EN_K8s_Scheduling - somaz94/DevOps-Engineer GitHub Wiki

Kubernetes Advanced Scheduling

Advanced Scheduling (Q46-Q50)


Q46. What are the practical strategies for applying Pod Priority and Preemption?

Pod Priority determines which Pods are terminated first when resources are insufficient.

PriorityClass Definition:

apiVersion: scheduling.k8s.io/v1
kind: PriorityClass
metadata:
  name: high-priority
value: 1000000
globalDefault: false
description: "Critical system pods"
---
apiVersion: scheduling.k8s.io/v1
kind: PriorityClass
metadata:
  name: low-priority
value: 1000
globalDefault: false
preemptionPolicy: Never   # Disable preemption
description: "Batch jobs"

Priority Strategy:

Class Value Use Case
system-critical 100,000,000 kube-system components
production-high 1,000,000 Core services
production-normal 100,000 General services
best-effort 0 Batch jobs

Pod Configuration:

apiVersion: v1
kind: Pod
spec:
  priorityClassName: high-priority
  containers:
  - name: app
    image: my-app

Preemption Behavior:

  • High-priority Pods evict low-priority Pods to get scheduled.
  • Preemption respects PodDisruptionBudgets (PDB) to prevent excessive eviction.
  • Use preemptionPolicy: Never to prevent a Pod from preempting others while still having priority for scheduling.

Practical Considerations:

  • Combine with ResourceQuota to ensure fairness
  • Monitor eviction events to detect priority misconfiguration
  • Set preemptionPolicy: Never for batch jobs to prevent disrupting services

Q47. How do you choose between Topology Spread Constraints and Pod Anti-Affinity?
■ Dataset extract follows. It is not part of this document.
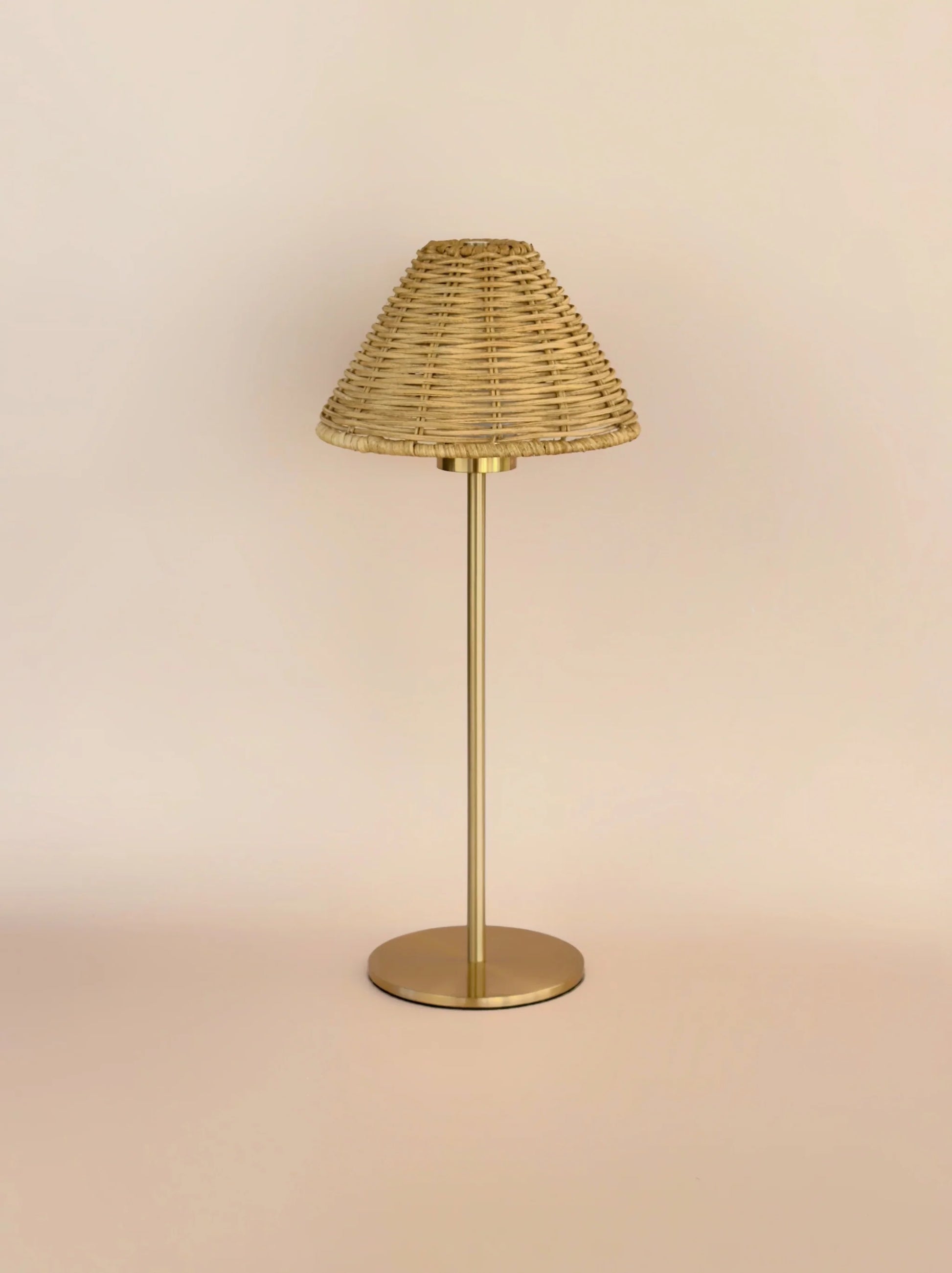 Lampara con pantalla de ratán, recargable. Cable incluido.

Both mechanisms control Pod distribution, but with different approaches.

Pod Anti-Affinity:

affinity:
  podAntiAffinity:
    requiredDuringSchedulingIgnoredDuringExecution:  # Hard constraint
    - labelSelector:
        matchLabels:
          app: database
      topologyKey: kubernetes.io/hostname
    preferredDuringSchedulingIgnoredDuringExecution:  # Soft constraint
    - weight: 100
      podAffinityTerm:
        labelSelector:
          matchLabels:
            app: web
        topologyKey: topology.kubernetes.io/zone
  • Binary (schedulable/not schedulable)
  • Strict separation between specific Pods
  • Use case: DB Primary/Replica must not be on the same node

Topology Spread Constraints:

topologySpreadConstraints:
- maxSkew: 1
  topologyKey: topology.kubernetes.io/zone
  whenUnsatisfiable: DoNotSchedule   # or ScheduleAnyway
  labelSelector:
    matchLabels:
      app: web
- maxSkew: 2
  topologyKey: kubernetes.io/hostname
  whenUnsatisfiable: ScheduleAnyway
  labelSelector:
    matchLabels:
      app: web
  • Distributes Pods evenly across topology domains (nodes/AZs/regions)
  • maxSkew: maximum allowed imbalance between domains
  • whenUnsatisfiable: DoNotSchedule = hard constraint; ScheduleAnyway = soft constraint

Selection Guide:

Scenario Recommendation
DB Primary/Replica must be on different nodes Pod Anti-Affinity (required)
Distribute stateless apps evenly Topology Spread Constraints
Multi-AZ high availability Topology Spread with maxSkew=1
Best effort distribution Topology Spread with ScheduleAnyway

Q48. What are the differences between Taint Effects (NoSchedule/PreferNoSchedule/NoExecute) and how are they used?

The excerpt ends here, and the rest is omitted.